The idea which we now call "individualism" was not born in America. Nor was the goal of political liberty. Nevertheless, these two principles have died in every other country on Earth. There is no other nation in which these grand ideas have remained an essential part of either the political system or the moral code. It may be difficult for an American to see what this means to those of us abroad who share these ideas.
It means this: America is the last practical refuge of our hopes. In every other nation, to advocate for individual liberty, to plead for property rights, or to speak out against socialism's inherent violation of the foundations of civilization is increasingly to brand oneself an unenlightened crank at best, and perhaps a sociopath. If American society completes its slow shift into that same perspective, then we are all doomed. If the American majority finally comes to absorb the view, already accepted as policy by the Department of Homeland Security, that "reverence of individual liberty" and "suspicion of centralized federal authority" are indicators of an antisocial threat, then there will literally be nowhere left on Earth where one is allowed to love freedom without ostracism, or worse. There will be nowhere left on Earth where Jefferson, Madison, or Washington may speak or be spoken of without ridicule.
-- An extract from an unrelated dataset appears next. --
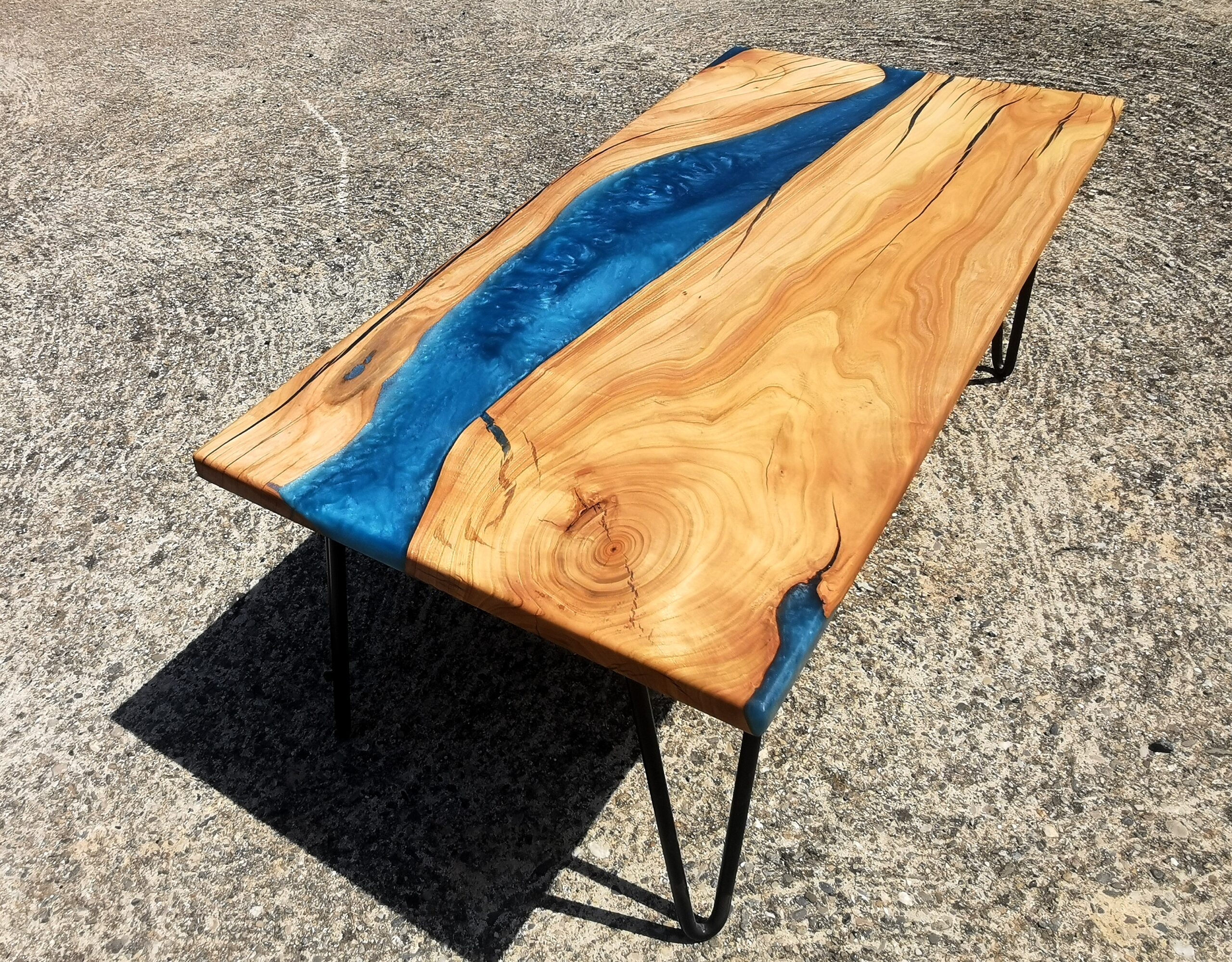 Cerisier Suisse et résine époxy bleue bords de la table en quart de rond et pieds épingle. Huilée à base d’huile de Lin

Thoughtful non-Americans know from experience and reasoning that livable conditions in their own nations will be sustained, if at all, only as long as America refrains from following the West's oppressive path to regulatory oblivion and resists late modernity's craving for the false comforts of "soft despotism." Those comforts are false on two levels: first, they are gained by means of a gun aimed at you and everyone else; second, they will be short-lived. The last gasp of freedom means the loss of all the goods that only freedom can provide -- prosperity, peace, leisure.
A man is hanging from a cliff, with only his fingers still gripping solid rock. The prevailing impetus is all downward, but the man continues to dangle in one place as long as that grip holds out. If he lets go, however, his fall will be short and decisive.
Modern civilization is that man. America is his final, desperate grip. On November 6, 2012, that man will either be left alone to continue his brave, heartbreaking struggle for another day, or a boot will come down on his fingers.
I described America's prospect as an "almost unwinnable war." Dire as this may sound, there is actually something liberating in that little word, "almost." The Tea Party is a testament to that feeling of liberation. Near-defeat brings priorities into focus. It sweeps away the smoke of the inessential, so that the path to the primary goal becomes clear.
The first, nearly completed, step is to prevent that "almost" from becoming an "absolutely."